=== INFORMATION SHOWN ===

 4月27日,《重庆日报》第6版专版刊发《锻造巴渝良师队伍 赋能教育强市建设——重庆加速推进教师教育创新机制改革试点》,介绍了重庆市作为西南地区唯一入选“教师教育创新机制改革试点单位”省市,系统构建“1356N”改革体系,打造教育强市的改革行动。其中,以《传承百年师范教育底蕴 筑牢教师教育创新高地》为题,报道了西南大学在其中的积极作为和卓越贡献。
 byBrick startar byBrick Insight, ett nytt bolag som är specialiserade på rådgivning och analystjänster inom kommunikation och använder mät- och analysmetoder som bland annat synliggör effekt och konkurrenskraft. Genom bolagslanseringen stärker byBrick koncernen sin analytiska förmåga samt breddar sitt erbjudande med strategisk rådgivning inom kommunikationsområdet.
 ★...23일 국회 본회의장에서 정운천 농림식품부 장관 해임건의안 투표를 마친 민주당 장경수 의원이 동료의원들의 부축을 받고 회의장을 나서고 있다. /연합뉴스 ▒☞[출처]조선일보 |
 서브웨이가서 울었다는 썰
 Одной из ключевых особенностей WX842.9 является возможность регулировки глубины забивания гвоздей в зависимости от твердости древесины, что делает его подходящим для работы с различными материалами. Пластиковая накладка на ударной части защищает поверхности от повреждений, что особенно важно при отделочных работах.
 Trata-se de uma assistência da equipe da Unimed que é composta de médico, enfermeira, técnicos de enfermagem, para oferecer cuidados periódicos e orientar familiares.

===
=== INFORMATION SHOWN ===

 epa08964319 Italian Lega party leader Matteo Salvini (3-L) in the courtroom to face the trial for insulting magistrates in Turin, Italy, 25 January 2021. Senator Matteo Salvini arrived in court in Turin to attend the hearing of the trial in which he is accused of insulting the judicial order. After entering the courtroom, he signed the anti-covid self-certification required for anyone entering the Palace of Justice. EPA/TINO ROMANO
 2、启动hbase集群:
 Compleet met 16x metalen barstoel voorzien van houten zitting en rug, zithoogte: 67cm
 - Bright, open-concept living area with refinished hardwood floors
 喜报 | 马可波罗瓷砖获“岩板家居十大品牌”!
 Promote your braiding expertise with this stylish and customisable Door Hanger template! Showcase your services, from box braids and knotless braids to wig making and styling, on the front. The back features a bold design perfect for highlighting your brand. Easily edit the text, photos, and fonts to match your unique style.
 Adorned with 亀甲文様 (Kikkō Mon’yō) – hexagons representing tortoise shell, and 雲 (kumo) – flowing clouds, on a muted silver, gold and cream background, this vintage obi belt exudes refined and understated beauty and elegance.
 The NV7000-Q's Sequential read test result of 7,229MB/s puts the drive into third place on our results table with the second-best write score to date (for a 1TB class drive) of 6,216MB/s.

===
=== INFORMATION SHOWN ===

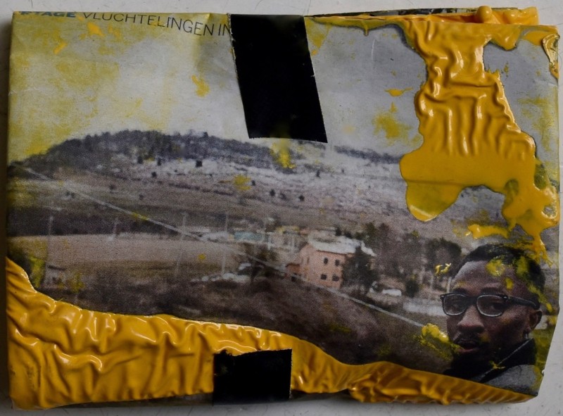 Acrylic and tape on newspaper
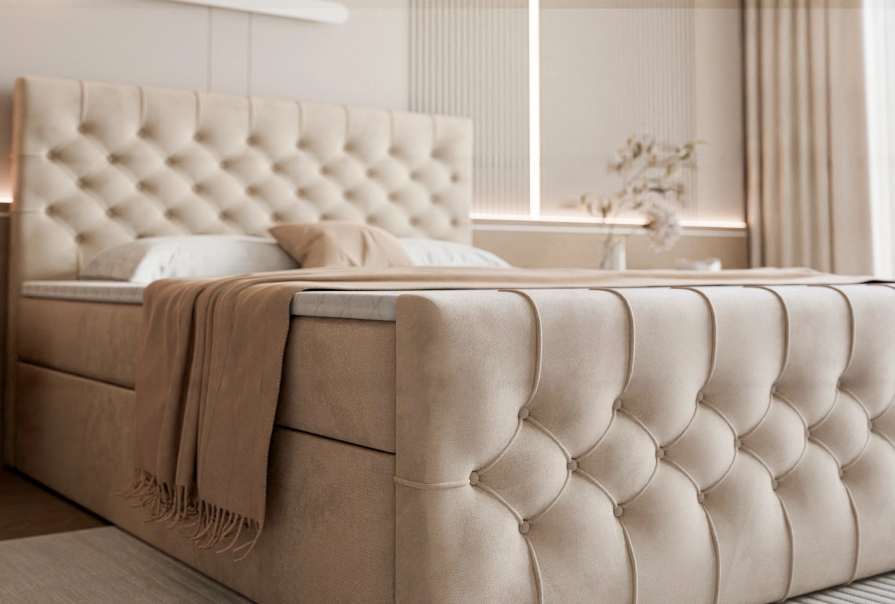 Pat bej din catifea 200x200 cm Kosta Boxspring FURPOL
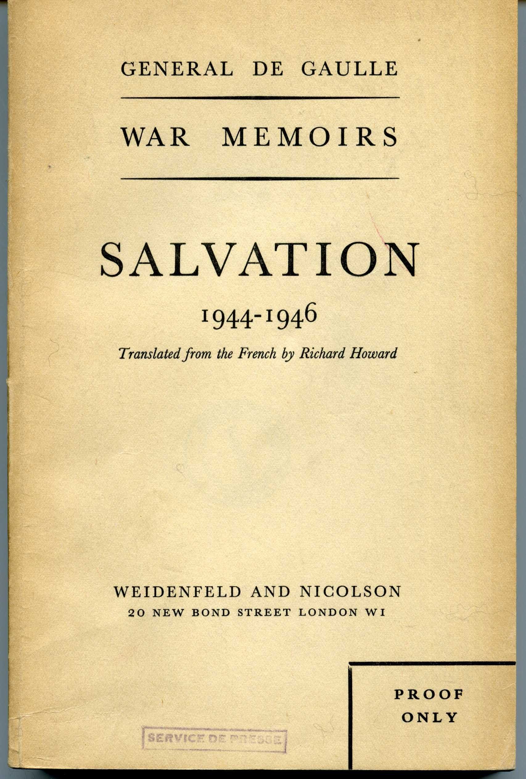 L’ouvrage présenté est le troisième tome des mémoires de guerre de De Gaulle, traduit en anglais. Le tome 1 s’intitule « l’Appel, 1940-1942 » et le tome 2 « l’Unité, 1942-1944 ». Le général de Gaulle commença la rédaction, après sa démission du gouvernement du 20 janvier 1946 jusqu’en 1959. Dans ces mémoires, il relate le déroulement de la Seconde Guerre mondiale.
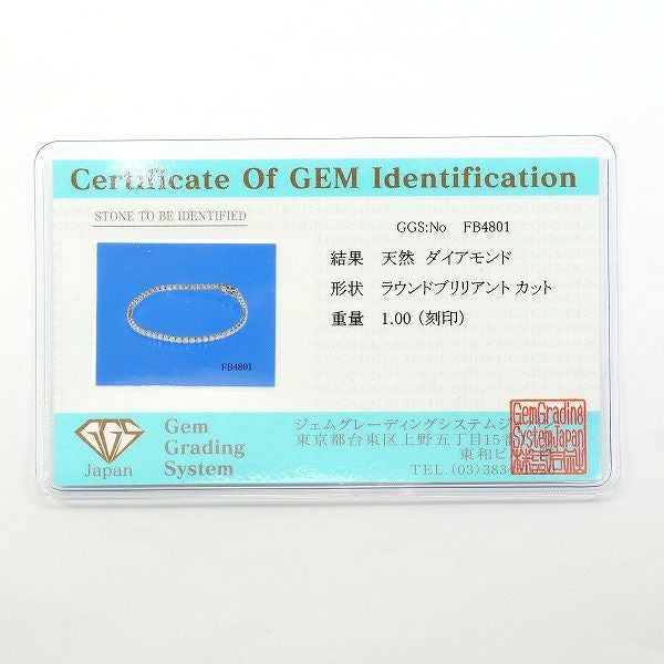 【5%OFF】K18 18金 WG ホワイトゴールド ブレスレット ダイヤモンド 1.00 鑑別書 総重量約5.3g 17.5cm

===

TRY IT: In the listing above, find the line with "있다. /연합뉴스 ▒☞[출처]조선일보 |" and the line with "Trata-se de uma", then reproduce both and every line between them exactly.

PROBLEM SOLUTION:
 ★...23일 국회 본회의장에서 정운천 농림식품부 장관 해임건의안 투표를 마친 민주당 장경수 의원이 동료의원들의 부축을 받고 회의장을 나서고 있다. /연합뉴스 ▒☞[출처]조선일보 |
 서브웨이가서 울었다는 썰
 Одной из ключевых особенностей WX842.9 является возможность регулировки глубины забивания гвоздей в зависимости от твердости древесины, что делает его подходящим для работы с различными материалами. Пластиковая накладка на ударной части защищает поверхности от повреждений, что особенно важно при отделочных работах.
 Trata-se de uma assistência da equipe da Unimed que é composta de médico, enfermeira, técnicos de enfermagem, para oferecer cuidados periódicos e orientar familiares.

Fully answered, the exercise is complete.